Can anyone suggest any methods or link to implementations of fast median finding for dynamic ranges in c++? For example, suppose that for iterations in my program the range grows, and I want to find the median at each run.
Range
4
3,4
8,3,4
2,8,3,4
7,2,8,3,4
So the above code would ultimately produce 5 median values for each line.
The best you can get without also keeping track of a sorted copy of your array is re-using the old median and updating this with a linear-time search of the next-biggest value. This might sound simple, however, there is a problem we have to solve.
Consider the following list (sorted for easier understanding, but you keep them in an arbitrary order):
1, 2, 3, 3, 3, 4, 5
// *
So here, the median is 3
(the middle element since the list is sorted). Now if you add a number which is greater than the median, this potentially "moves" the median to the right by one half index. I see two problems: How can we advance by one half index? (Per definition, the median is the mean value of the next two values.) And how do we know at which 3
the median was, when we only know the median was 3
?
This can be solved by storing not only the current median but also the position of the median within the numbers of same value, here it has an "index offset" of 1
, since it's the second 3
. Adding a number greater than or equal to 3
to the list changes the index offset to 1.5
. Adding a number less than 3 changes it to 0.5
.
When this number becomes less than zero, the median changes.

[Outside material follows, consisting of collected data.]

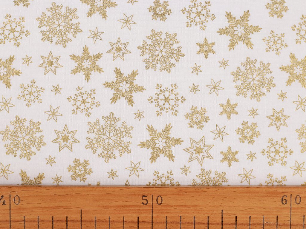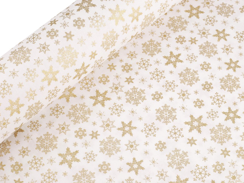Bavlněnou látku s metalickými sněhovými vločkami využijete na šití svátečních dekorací, prostírání, běhounů, ubrusů, dekoračních polštářů, pytlíčků apod. Látka je měkká a příjemná na dotek.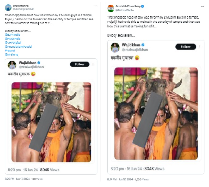 মধ্যপ্রদেশের রতলাম জেলার জওরা জেলার একটি মন্দিরে গোমাংস ফেলে যাওয়ার অভিযোগ উঠেছে চার জনের বিরুদ্ধে। সেই ঘটনার আবহে সোশ্য়াল মিডিয়ায় ছড়িয়েছে আরও একটি ছবি। যেখানে গরুর কাটা মাথা হাতে দেখা যাচ্ছে মন্দিরের পুরোহিতকে। ছবিটি মধ্যপ্রদেশের ওই ঘটনার সঙ্গে জুড়ে সোশ্যাল মিডিয়ায় ভাইরাল করা হচ্ছে।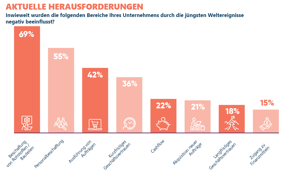 Während unserer Bewertung haben wir Hersteller auch dazu befragt, in welchen Bereichen sie – abgesehen von COVID – am meisten von den jüngsten Weltgeschehnissen sowie inländischen Faktoren beeinträchtigt wurden. Das Ergebnis: Wie im Jahr 2021 auch gab es bei der Beschaffung von Rohstoffen und Komponenten die meisten Probleme. Dabei ist der Anteil der Hersteller, die diesen Aspekt 2022 als ihre größte Herausforderung ansahen (69 %), gegenüber dem Vorjahr (75 %) nur geringfügig zurückgegangen.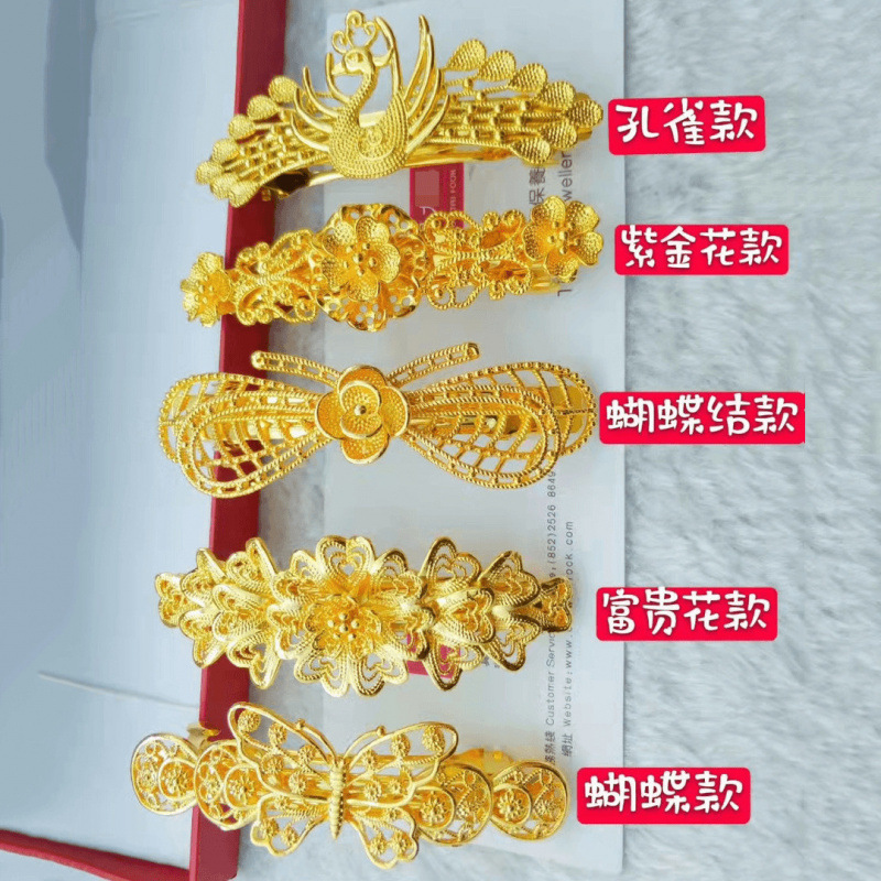本格的な雲南沙金アクセサリーは金髪をまねて孔雀の髪を挟んで女性のファッションの髪飾りの黄銅の金メッキの髪を挟んで卸売りします。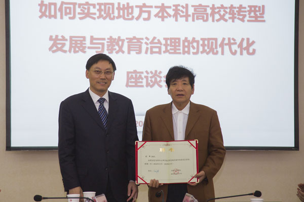 为扎实推进万象城整体转型发展和教育治理的现代化建设,11月17日下午,学校特邀国家行政学院学术委员会副主任、中国领导科学研究中心主任、博士生导师刘峰教授就“如何实现地方本科高校转型发展与教育治理的现代化”进行专题指导。会议在莲湖校区行政楼三楼会议室举行。校长王成端主持会议并向刘峰教授颁发了“AWC万象城娱乐学科发展决策咨询委员会委员”聘书。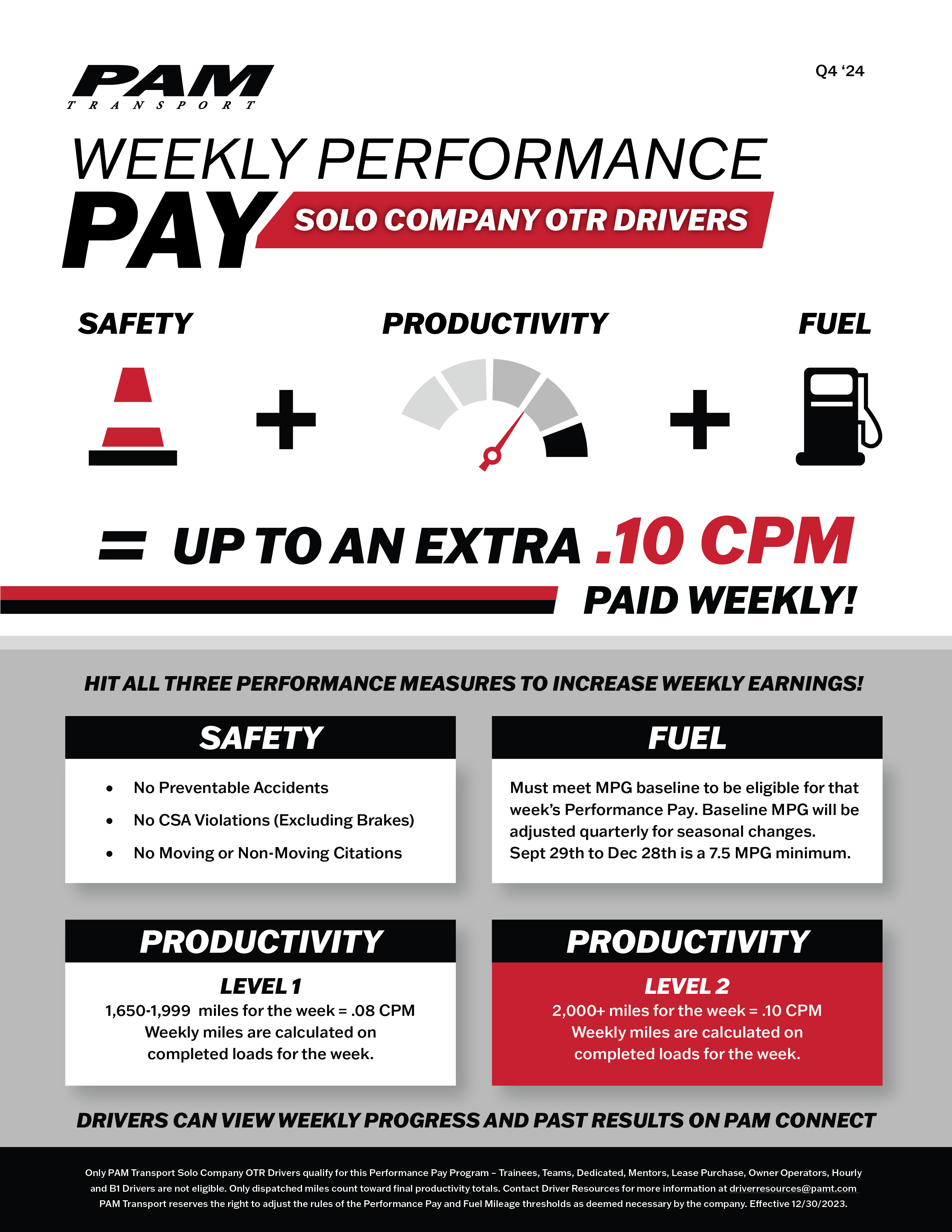 | Safety Bonus | Solo OTR Drivers who run at least 8,000 safe miles, have no preventable accidents, and have no CSA violations will earn a $750 bonus for the month. OTR Teams who run at least 18,000 safe miles, have no preventable accidents, and have no CSA violations will each earn a $1,000 bonus for the month. * Must be on the standard Company OTR solo/team pay scale (not a special rate, based on a particular customer). Performance Pay Pam now has new and improved performance pay, and it’s WEEKLY! Every driver will have a new chance at the additional pay every week! So if he/she has a bad week, for whatever reason, hope is not lost. This additional pay can add as much as $0.10 CPM to their rate. So it’s not only good for the driver but it’s good for your sell too! Miles per week drivers have to do to qualify: Level 1 1600 – 1999 miles per week Level 2 2000+ miles per week * Remember this is just for solo company drivers!!! * See the Performance Pay info in their info sheet |

It also have to change if it goes beyond the count of equal numbers (minus 1
), in this case 2
, meaning the new median is more than the last equal number. In both cases, you have to search for the next smaller / next greater number and update the median value. To always know what the upper limit for the index offset is (in this case 2
), you also have to keep track of the count of equal numbers.
This should give you a rough idea of how to implement median updating in linear time.